Inside Whitehall, the mood is grim. The Prime Minister's Cobra meeting this morning was described by one attendee as 'funereal'. The UK has not joined the strikes, but it is providing intelligence and logistical support. The US-Israeli axis expected a swift, surgical campaign. They got a quagmire. Iranian air defences, though degraded, have taken a toll. Three Israeli F-35s have been confirmed lost. A US Reaper drone was shot down over the Caspian Sea.
The political fallout in Westminster is immediate. The Foreign Secretary is facing a grilling in the Commons this afternoon. Labour is demanding answers. The Liberal Democrats are calling for a suspension of all military cooperation with the US. Backbench Tories are restless. One senior Conservative told me: 'This is not what we signed up for. We are being dragged into a war with no exit strategy.'
But the real fear is what comes next. The Iranian regime, wounded and cornered, may lash out. Its proxies in Yemen and Lebanon are already mobilising. Houthi missiles have targeted Saudi oil facilities. Hezbollah has fired rockets into northern Israel. The risk of a wider regional war is acute.

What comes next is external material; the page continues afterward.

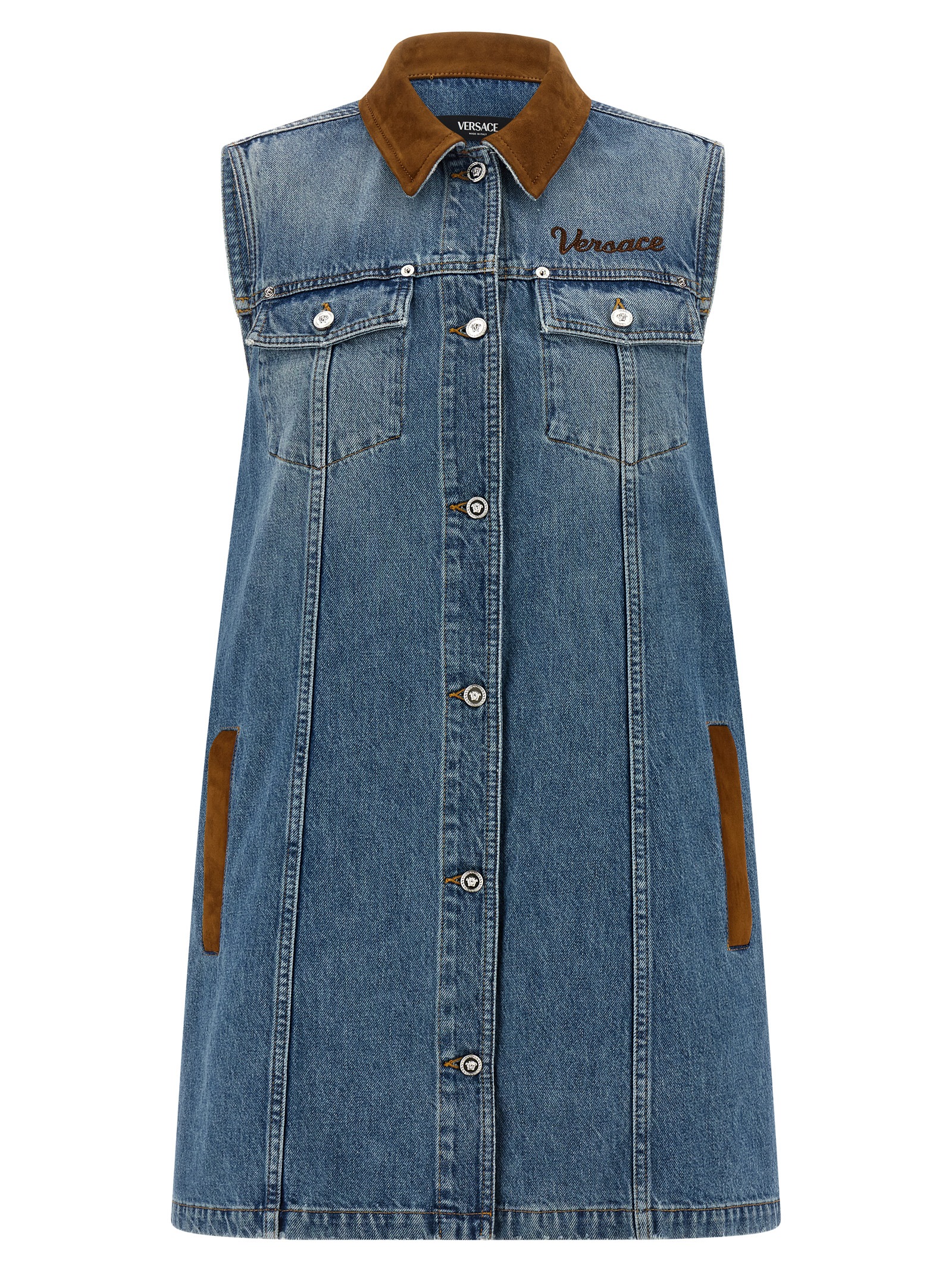 Cotton denim mini dress with medium stone washed finish, contrast stitching, collar, front logo embroidery and contrast suede pockets, A-line silhouette, pointed collar, sleeveless and unlined metal 'Medusa' button closure on the front.

Downing Street is trying to manage the narrative. The PM will address the nation this evening. Expected to stress the importance of 'degrading Iran's nuclear capability'. But the human cost is becoming impossible to spin. The PM's approval rating, already fragile, is expected to plummet.
I am hearing that the intelligence community is deeply divided. Some analysts warned that the strikes would trigger a humanitarian disaster. They were overruled by the political imperative to stand with the US. 'We have blood on our hands,' said one former Joint Intelligence Committee chairman. That sentiment is likely to grow.
The true toll may never be known. But the ghost of this war will haunt British foreign policy for a generation. The lobby is buzzing. The game has changed. And not for the better.